:: RECORDS FOR THE TASK ::
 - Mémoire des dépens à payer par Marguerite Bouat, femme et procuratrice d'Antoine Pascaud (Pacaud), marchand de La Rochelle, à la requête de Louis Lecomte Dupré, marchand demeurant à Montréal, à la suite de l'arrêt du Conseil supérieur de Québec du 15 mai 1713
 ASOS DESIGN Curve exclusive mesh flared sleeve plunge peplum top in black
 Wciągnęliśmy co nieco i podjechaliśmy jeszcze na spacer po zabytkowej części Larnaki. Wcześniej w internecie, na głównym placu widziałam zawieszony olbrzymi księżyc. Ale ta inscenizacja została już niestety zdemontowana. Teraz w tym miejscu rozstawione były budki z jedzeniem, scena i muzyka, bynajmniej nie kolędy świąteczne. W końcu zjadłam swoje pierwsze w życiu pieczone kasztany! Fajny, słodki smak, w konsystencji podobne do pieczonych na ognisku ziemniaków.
:::
:: RECORDS FOR THE TASK ::
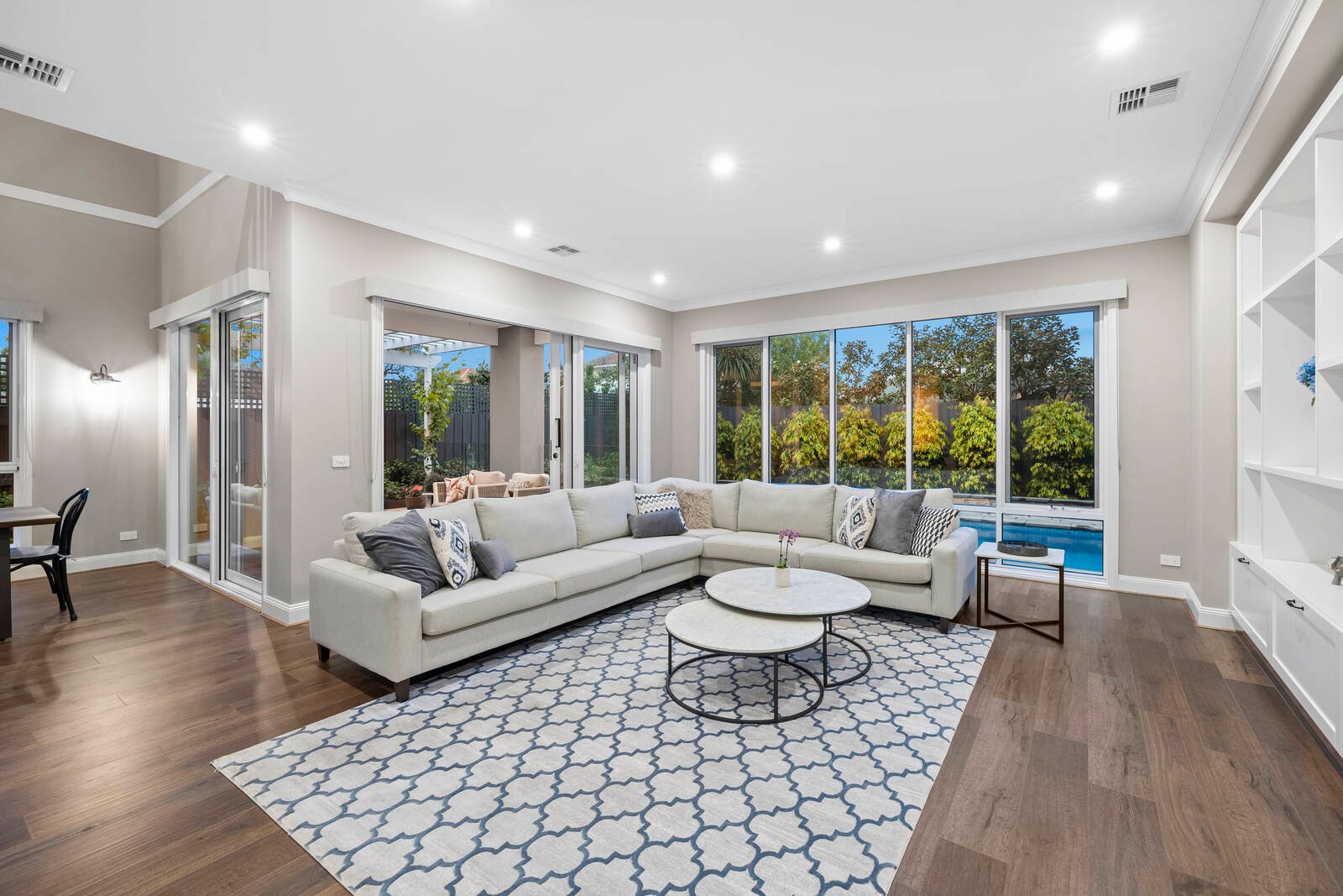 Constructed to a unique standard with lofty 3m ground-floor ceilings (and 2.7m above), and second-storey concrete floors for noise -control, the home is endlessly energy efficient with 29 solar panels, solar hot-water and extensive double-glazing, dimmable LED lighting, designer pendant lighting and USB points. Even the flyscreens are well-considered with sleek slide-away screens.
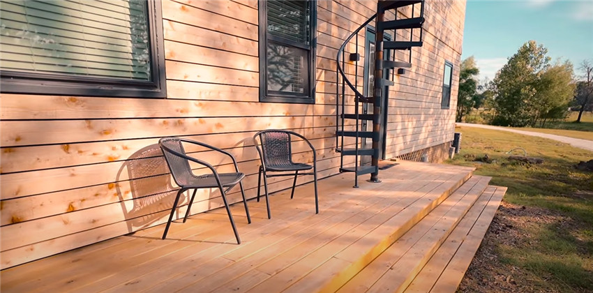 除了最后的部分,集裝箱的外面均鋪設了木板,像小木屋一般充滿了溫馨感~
:::
* **EXERCISE AIM**
There is a line with "- Mémoire des" and a line with "ASOS DESIGN Curve" above. Copy exactly those two lines and all lines between them, with nothing else.

* **ANSWER TO THIS EXERCISE**
 - Mémoire des dépens à payer par Marguerite Bouat, femme et procuratrice d'Antoine Pascaud (Pacaud), marchand de La Rochelle, à la requête de Louis Lecomte Dupré, marchand demeurant à Montréal, à la suite de l'arrêt du Conseil supérieur de Québec du 15 mai 1713
 ASOS DESIGN Curve exclusive mesh flared sleeve plunge peplum top in black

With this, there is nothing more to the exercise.